Tuesday, December 13, 2005

Do Nothing Goverment? Why Thank You!

Paul Martin has decided to turn the Liberals' lack of coherent economic policy into a virtue by claiming that everything is going so well that he doesn't need to do anything:

Liberal Leader Paul Martin says he is not making new promises to help small business because the economy is soaring and he likes the status quo.

Mr. Martin took his campaign tour to an auto-parts manufacturer in this Hamilton suburb yesterday and spoke glowingly about Canada's low inflation and employment rates. It was the second day in a row that the Liberal message has been about small business - and the second day in a row that no new policies were unveiled.

When asked if that meant the Liberals had no new ideas for the business sector, Mr. Martin and the five Liberal candidates that flanked him -- including three incumbent MPs -- laughed out loud.

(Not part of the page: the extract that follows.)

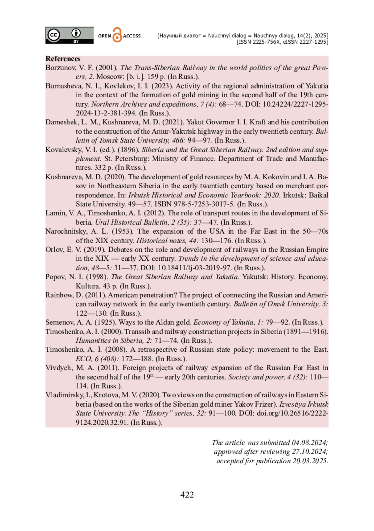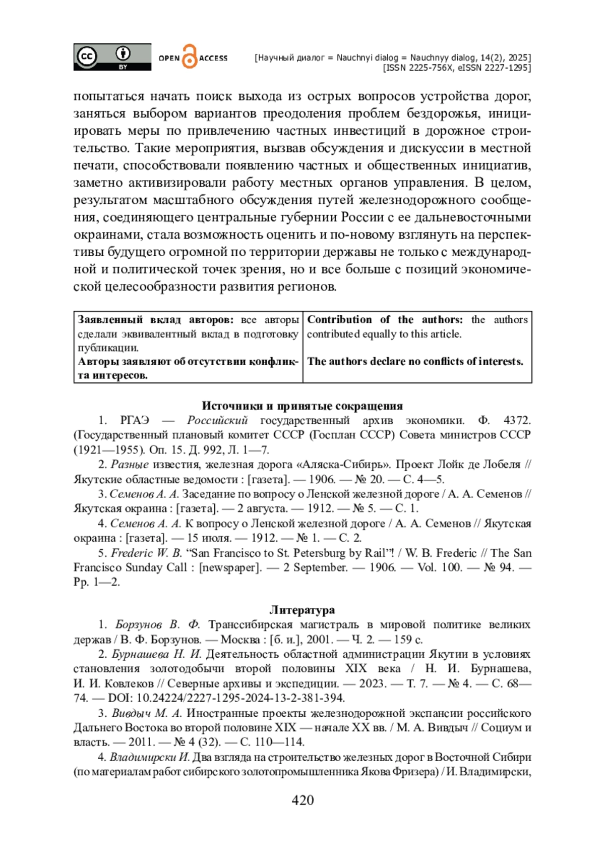 БУРНАШЕВА Н. И., КОВЛЕКОВ И. И. ПРОЕКТЫ НАЧАЛА ХХ ВЕКА ПО СТРОИТЕЛЬСТВУ ТРАНСПОРТНЫХ МАГИСТРАЛЕЙ К БОГАТСТВАМ НЕДР ЯКУТИИ // НАУЧНЫЙ ДИАЛОГ. 2025. ТОМ 14, № 2

"We're not making promises, we're saying we've done it and we're going to continue to do it," Mr. Martin told reporters.

....

But if Mr. Martin believes the status quo is good enough, that opinion is not shared by the Canadian Federation of Independent Business, a non-partisan organization representing more than 100,000 of the nation's smaller companies.

It released a policy paper yesterday asking the government to cut red tape and "the paper burden" -- moves that the organization says will save Canadian businesses $33-billion a year.

....

The Conservatives have said that, if elected, they would raise the threshold of the small-business tax rate to $400,000 from $300,000 and reduce the small-business tax rate to 11 per cent from 12 per cent over five years.


Liberal smugness knows no bounds.

"You've never had it so good" sounds appealling when unemployment is relatively low and corporate profits reasonably high, but economic policy has to look forward to when things are not so good--and what could make a good situation even better.

Paul Martin seems to have confused laissez-faire government and do-nothing government. The former creates the conditions to allow the free market to function properly. The second lets it break down under the weight of inertia, bureaucracy and favouritism by using relative prosperity as an excuse not to look at its own deficiencies.